Dupont de Ligonnès comedy version at Cannes 2024? This is the bet of this film presented at the end of the Filmmakers’ Fortnight! – Cinema News

Dupont de Ligonnès comedy version at Cannes 2024? This is the bet of this film presented at the end of the Filmmakers’ Fortnight! – Cinema News
Dupont de Ligonnès comedy version at Cannes 2024? This is the bet of this film presented at the end of the Filmmakers’ Fortnight! – Cinema News

Loosely inspired by the Dupont de Ligonnès affair, the film “Plastic Guns” by Jean-Christophe Meurisse is presented at the end of the Filmmakers’ Fortnight at this 2024 Cannes festival. A comedy that dares everything! In theaters June 26.

It’s undoubtedly the craziest French comedy of this entire edition of the Cannes festival, and it is presented this evening at the closing of the Filmmakers’ Fortnight, one of the parallel sections: Plastic guns.

The film begins with Jonathan Coen and Fred Tousch around an operating table, in the middle of an autopsy, chatting as if at a bar counter over a beer. Purpose of the discussion? Netflix’s fascination with films and series based on current events! The scene sets the tone of this comedy. That of daring to laugh at a subject which should, on paper, arouse fear.

A film directly inspired by a highly publicized news item

Because even if all the names have been changed, the main inspiration for the film is none other than the Dupont de Ligonnès affair.
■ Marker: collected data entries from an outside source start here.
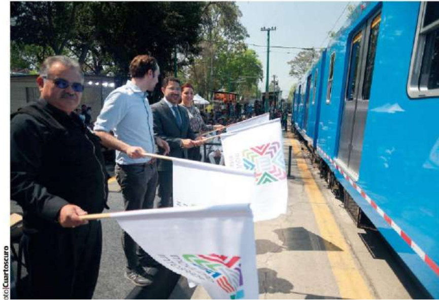
BANDERAZO de salida de dos nuevos trenes ligeros, ayer.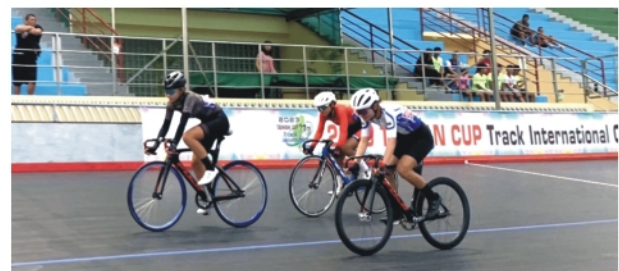
▲落後淘汰賽賽場實況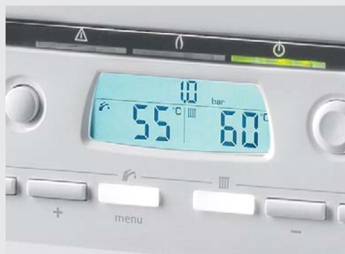
Přehledný ovládací panel pro snadnou obsluhu s velkým podsvíceným displejem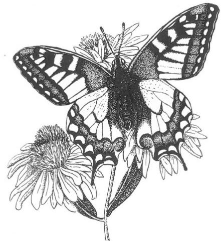
Le Machaon, un papillon facile à identifier !

It is obviously a fiction, but the plot is that of this man whose story has caused a lot of ink to flow. The murder of his family, and his escape.
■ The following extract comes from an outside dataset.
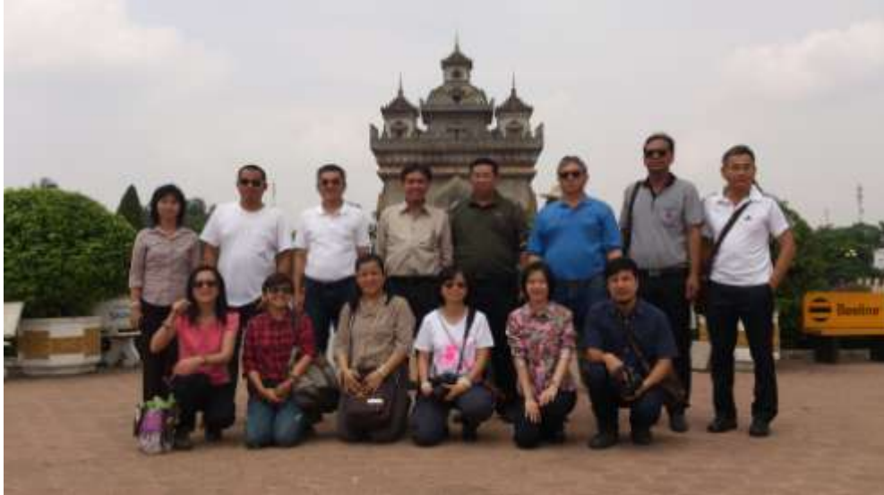
บริเวณด้านหน้าประตูชัย

ประตูชัย : "อนุสรณ์สถานเพื่อระลึกถึงประชาชนชาวลาวผู้เสียสละชีวิตในสงครามก่อนหน้าการปฏิวัติของพรรคคอมมิวนิสต์" ตั้งอยู่ทางทิศตะวันออกเฉียงเหนือของเมืองเวียงจันทน์บนถนนล้านช้างไปสิ้นสุดที่บริเวณประตูชัย สร้างเสร็จในปี พ.ศ. ๒๕๑๒

The pitch is as follows: Léa and Christine are obsessed with the Paul Bernardin affair, a man suspected of having killed his entire family and mysteriously disappeared. As they go to investigate the house where the killing took place, the media announce that Paul Bernardin has just been arrested in Northern Europe…
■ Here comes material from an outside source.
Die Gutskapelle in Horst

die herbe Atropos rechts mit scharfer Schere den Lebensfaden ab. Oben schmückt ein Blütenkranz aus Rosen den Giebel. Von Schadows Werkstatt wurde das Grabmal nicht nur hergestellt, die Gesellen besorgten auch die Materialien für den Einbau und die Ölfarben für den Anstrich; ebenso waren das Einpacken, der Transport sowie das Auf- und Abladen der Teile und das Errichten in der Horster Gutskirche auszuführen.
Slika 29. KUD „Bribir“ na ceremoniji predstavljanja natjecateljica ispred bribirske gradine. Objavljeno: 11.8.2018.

A black comedy, in the tradition of the Coen brothers

This new production by Jean-Christophe Meurisse (founder of the troupe Les Chiens de Navarre) fully embraces the genre of black comedy, clearly leaning towards the Coen brothers. The film is a succession of sketches, with several main characters as a common thread, including the excellent Delphine Baril and Charlotte Laemmel, but also numerous guests: Jonathan Coen, but also Nora Hamzawi, Vincent Dedienne and Aymeric Lompret.

As in Blood Oranges, the previous production by Jean-Christophe Meurisse (see trailer above), the humor is caustic, and at times, bordering on disturbing.

The film is certainly less violent than Blood Oranges, but presents some particularly trashy scenes which may be off-putting, in relation to the subject and this very real story at the origin.